Kees Cook: API replacement/deprecation

September 8, 2018

Related Material: None found, maybe a new topic! ;–)

Additional Participants: Alexandre Belloni, Arnd Bergmann, Dan Carpenter, Geert Uytterhoeven, Jani Nikula, Jan Kara, Johannes Berg, Julia Lawall, Linus Walleij, Mark Brown, Maxime Ripard, Stephen Rothwell, Steven Rostedt, Takashi Iwai, and Theodore Y. Ts'o.

Kees would like to deprecate APIs more sanely, putting forward a “fast” method involving spending several releases creating a large patchbomb and a “slow” method incrementally removing uses of the old API. Kees notes that the patchbomb can take a long time to create, and that incremental removal might or might not keep up with the inevitable additions. Kees knows about checkpatch.pl, but notes that it does not always get run. Stephen Rothwell seconded Kees's concern, calling out pain in -next due to quickly removed APIs. Steven Rostedt suggested a kernel.org script or a zero-day bot that run the latest checkpatch.pl, ensuring that it always does get run. Maxime Ripard seconded the use of checkpatch.pl. Julia Lawall noted that there are Coccinelle scripts that the DRM people use to flag deprecated functions, and that new functions can easily be added, and posted an example. [ Ed. note: Some overlap between checkpatch.pl and Coccinelle, which is probably a good thing. ] She also suggested taking heart in increasing use of a new function. Jani Nikula suggested re-introducing __deprecated, but make it opt-in, so that only builds enabling it (via preprocessor magic or gcc command-line tricks) will see the warnings. CI-like builds (0day, -next, etc.) could then enable these warnings. Jani called out the virtues of flagging the function definitions themselves, rather than a centralized [ and perhaps conflict-prone ] file. Julia, Alexandre Belloni, and Mark Brown, pointed out that people adding deprecated functions might be committing copy-pasta, and thus would not notice the deprecation. Jani replied that the semantic patch could be generated from the deprecation markings. Dan Carpenter suggested a simple standalone perl script to flag deprecation using a simple one-line-per-deprecated-function data file.

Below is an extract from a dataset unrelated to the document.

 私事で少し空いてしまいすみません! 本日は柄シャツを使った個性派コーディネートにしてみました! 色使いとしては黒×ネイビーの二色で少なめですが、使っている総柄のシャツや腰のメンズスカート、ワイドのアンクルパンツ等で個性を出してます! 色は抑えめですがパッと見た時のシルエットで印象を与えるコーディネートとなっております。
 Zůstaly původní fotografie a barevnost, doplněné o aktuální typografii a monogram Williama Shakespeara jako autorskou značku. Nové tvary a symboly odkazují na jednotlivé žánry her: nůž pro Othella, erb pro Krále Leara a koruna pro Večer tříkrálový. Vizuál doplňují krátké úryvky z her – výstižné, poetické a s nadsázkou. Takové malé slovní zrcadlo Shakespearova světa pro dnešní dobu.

Kees pointed out that even mandatory checks can be ignored by maintainers, and suggested an in-tree list of functions, which, if added, would be the responsibility of the author/maintainer to remove. Kees also noted the potential for CI, including adding CI into the patch-acceptance path on the one hand and adding new commits to the remit of the 0day test robot on the other. Stephen Rothwell volunteered to do this CI function as a part of -next if provided with a list of deprecated things. Kees immediately volunteered strcpy() and strncpy() (to be replaced by strscpy for Stephen's list. Takashi Iwai suggested a lightweight check script for the git-commit hook that all maintainers would install and run, but Johannes Berg threw his weight behind Coccinelle and the 0-day build bot. Julia cautioned that she suspect that this build bot reports only on modified code and even then only once. Geert Uytterhoeven called out git commit hooks, checkpatch.pl, and bot-run scripts as three classes of solutions in decreasing order of agility. Takashi likes the speed and convenience of running a script locally, but agrees that 0-day bot coverage would be a good thing.

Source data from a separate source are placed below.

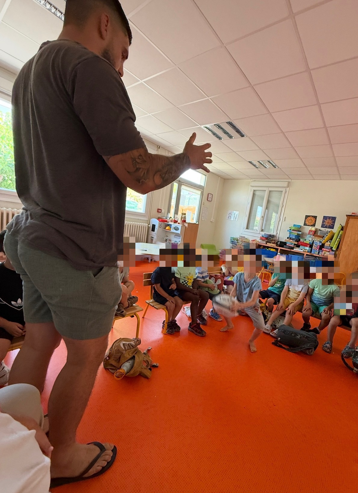 Mathieu Giudicelli s’est rendu dans les classes de maternelle pour un moment d’échange adapté à leur âge, chaleureux et ludique. Les enfants ont pu découvrir l’équipement d’un joueur de rugby : crampons, casque, protège-dents, ballon… Autant d’objets qui ont éveillé leur curiosité et donné lieu à de nombreuses questions.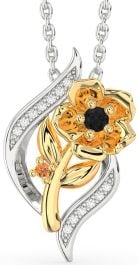 Black Diamond & Citrine Silver & 10K gold Flower Necklace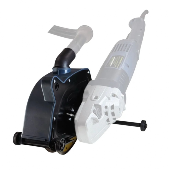 Ефективна конструкція кожуха забезпечує до 95% уловлювання пилу під час підключення пилососа, що особливо важливо при роботі в приміщенні. Універсальний адаптер дозволяє підключати штроборіз до пилососів різних марок без складних доробок. Швидка система розбирання полегшує заміну дисків і не потребує використання додаткових інструментів. Широкий набір проставок і вкладок дає можливість встановити насадку на КШМ різних брендів. Додаткова опорна вісь із колесом допомагає плавніше вести інструмент по поверхні. Продумана комплектація економить час на підбір сумісних елементів. Насадка забезпечує акуратний і рівний результат під час виконання монтажних робіт.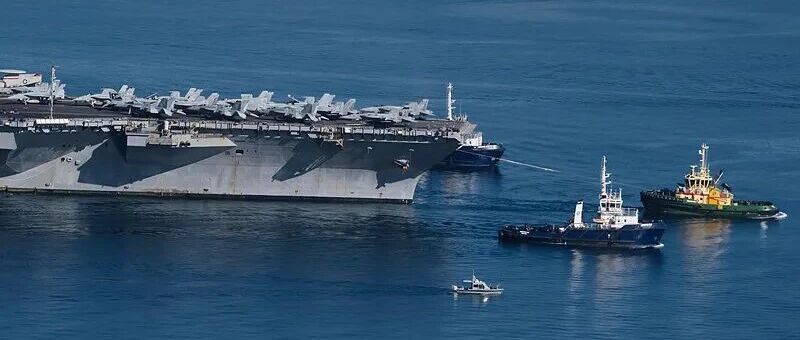 “福特”号为美国最新、全球最大的航空母舰之一,舰上约有5000名人员及70余架军机。目前,“福特”号航母执行海上任务已进入第10个月,它先是从地中海前往拉美参与对委内瑞拉的军事行动,自2月28日美以对伊朗展开军事行动以来,又从加勒比海来到中东,参与对伊朗的军事行动。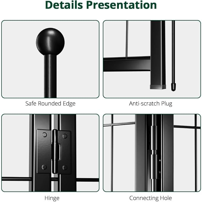 - 【Prevention of escape】The dog pen is an excellent caretaker. The 32"H height is high enough to prevent escapes. The gravity automatic invisible door lock is different from traditional door latches and prevents pets from opening the door on their own. When you want your pet to stay in a safe area and enjoy its own time, don't worry about it being smart on its own Open the door.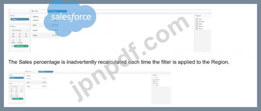 クライアントは、全地域と比較した特定の地域の総売上の割合を計算します。

Jan Kara pointed out that there is not always agreement on which functions are in fact to be deprecated, arguing that any CI-generated deprecation message should be accompanied with a good explanation why the change is needed. Theodore Y. Ts'o (Ted) gave as an example the use of strncpy() for a non-NUL-terminated string. Kees agreed that strncpy() does have valid use cases, but argued that there should be agreement on strcpy. Arnd Bergmann notes that NUL-padding rather than NUL-termination is sometimes required to avoid leaking stack data into filesystem metadata or over the network. Ted agreed, suggesting that there be a name for a memset() strncpy() sequence that does that job. Geert performed CI services for Ted's example code, as well as for Kees's original posting.

Linus Walleij noted that things like GPIO descriptors have similar issues.